## What to produce
Find "A dramatic scene" below and begin at its line; stop after the line with "- großes, modernes". Output those lines exactly, without pictures.
[Records shown — start]
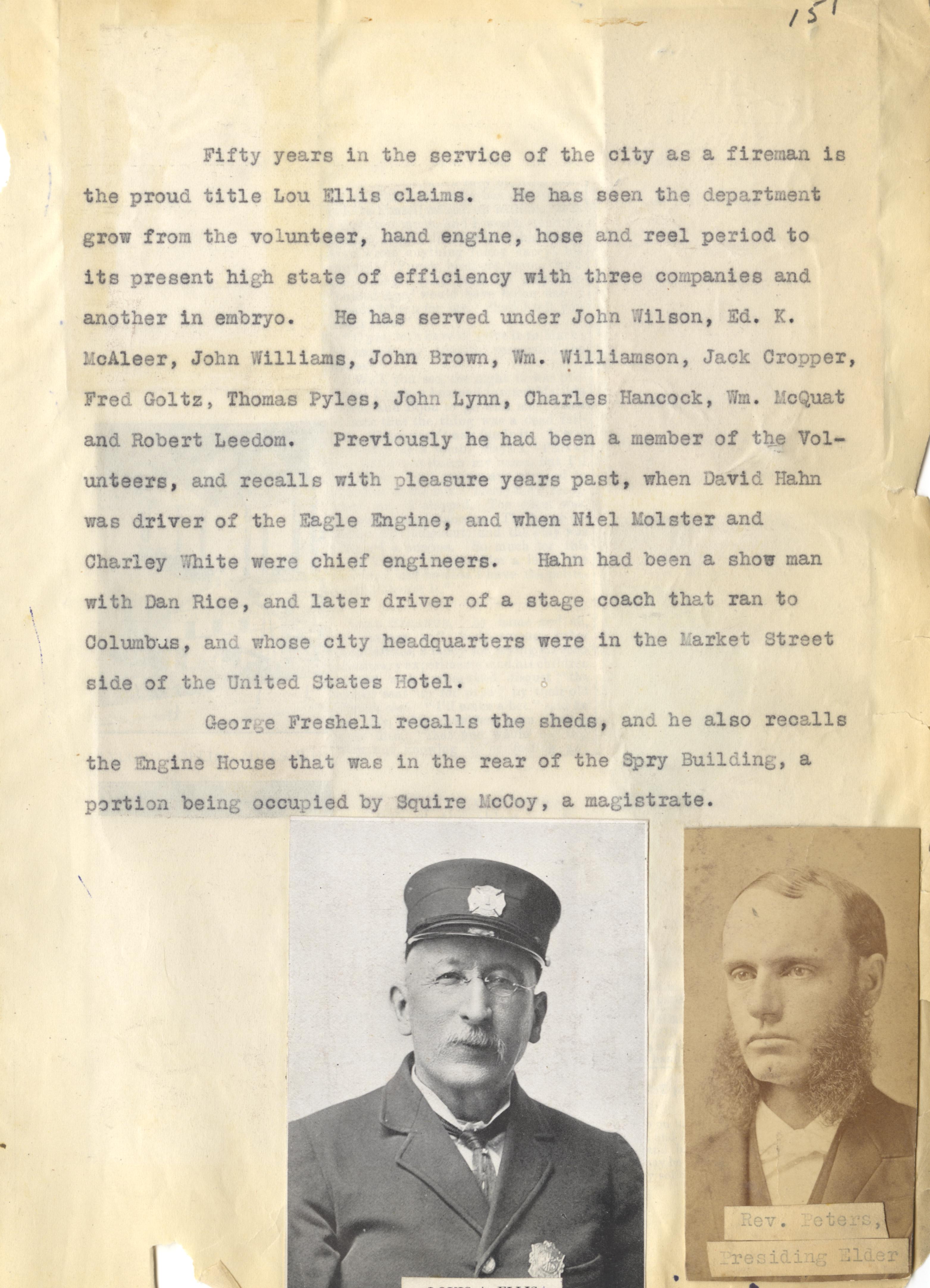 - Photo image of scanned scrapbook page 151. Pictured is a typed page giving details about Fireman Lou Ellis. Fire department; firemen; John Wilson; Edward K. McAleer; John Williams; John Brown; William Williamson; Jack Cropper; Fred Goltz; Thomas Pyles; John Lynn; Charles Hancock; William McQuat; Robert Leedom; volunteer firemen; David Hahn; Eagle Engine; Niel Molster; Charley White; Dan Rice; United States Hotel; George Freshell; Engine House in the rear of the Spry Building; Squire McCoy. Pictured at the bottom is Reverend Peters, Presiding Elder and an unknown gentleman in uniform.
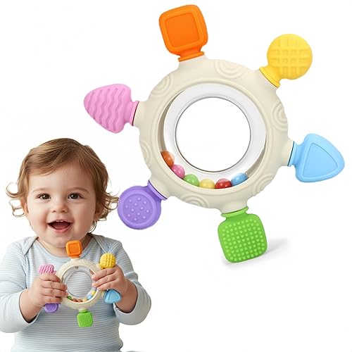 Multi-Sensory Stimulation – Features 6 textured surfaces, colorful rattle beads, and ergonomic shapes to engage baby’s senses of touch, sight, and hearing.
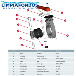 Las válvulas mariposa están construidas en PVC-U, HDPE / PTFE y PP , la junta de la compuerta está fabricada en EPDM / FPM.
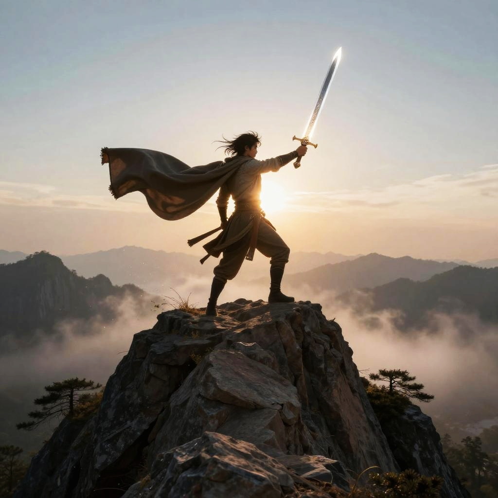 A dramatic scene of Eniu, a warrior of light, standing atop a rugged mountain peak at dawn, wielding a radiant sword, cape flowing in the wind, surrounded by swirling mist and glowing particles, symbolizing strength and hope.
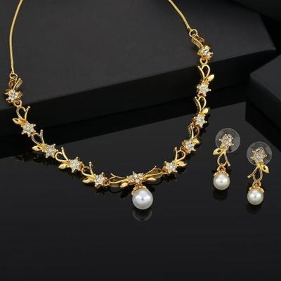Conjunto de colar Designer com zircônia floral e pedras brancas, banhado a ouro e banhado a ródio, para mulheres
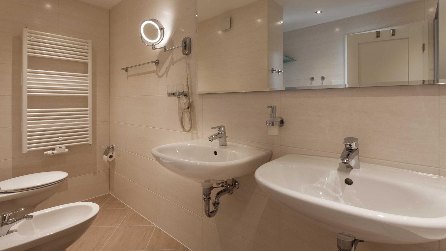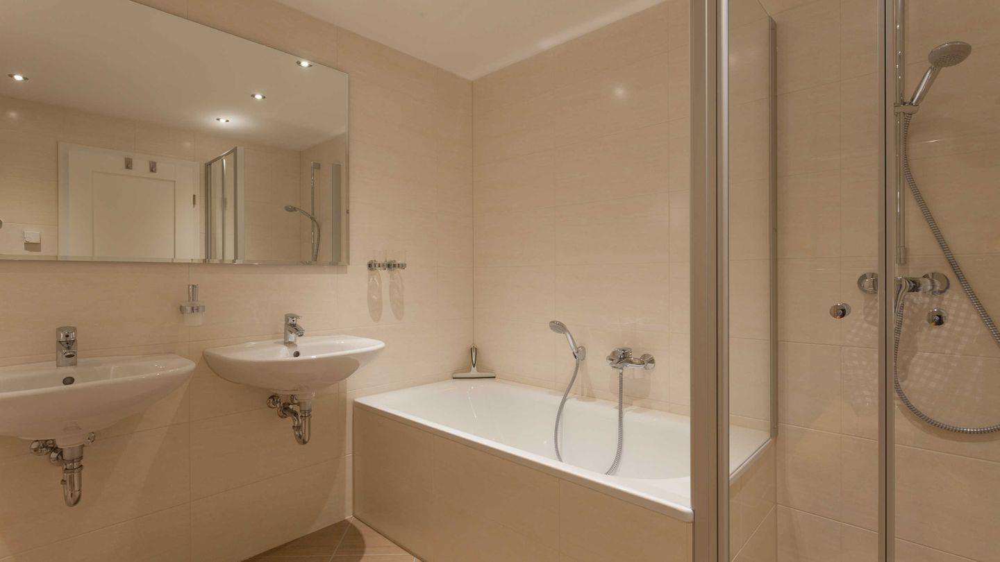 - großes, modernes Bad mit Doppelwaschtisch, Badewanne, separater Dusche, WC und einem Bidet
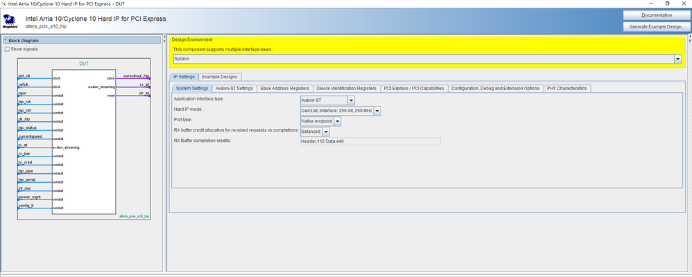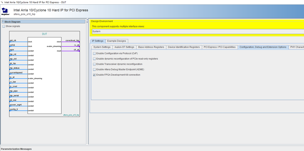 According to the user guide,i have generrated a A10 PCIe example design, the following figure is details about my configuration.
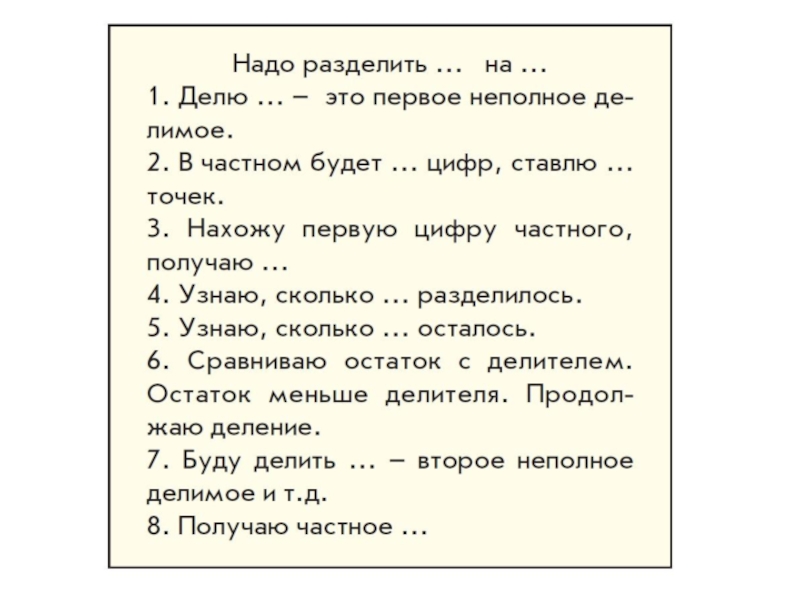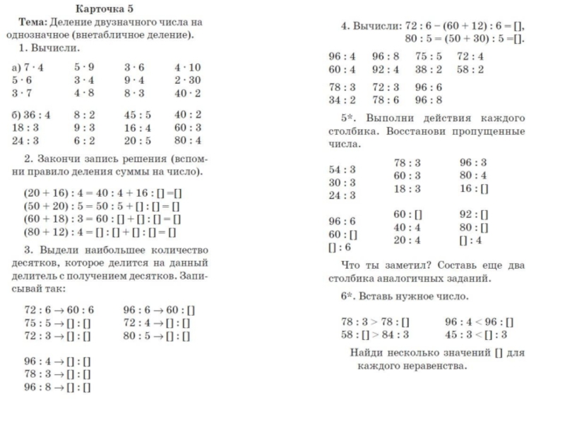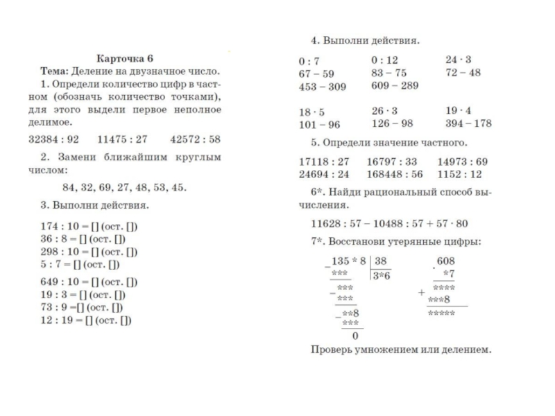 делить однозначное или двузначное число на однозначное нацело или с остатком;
[Records shown — finish]
## Exercise result
 A dramatic scene of Eniu, a warrior of light, standing atop a rugged mountain peak at dawn, wielding a radiant sword, cape flowing in the wind, surrounded by swirling mist and glowing particles, symbolizing strength and hope.
Conjunto de colar Designer com zircônia floral e pedras brancas, banhado a ouro e banhado a ródio, para mulheres
 - großes, modernes Bad mit Doppelwaschtisch, Badewanne, separater Dusche, WC und einem Bidet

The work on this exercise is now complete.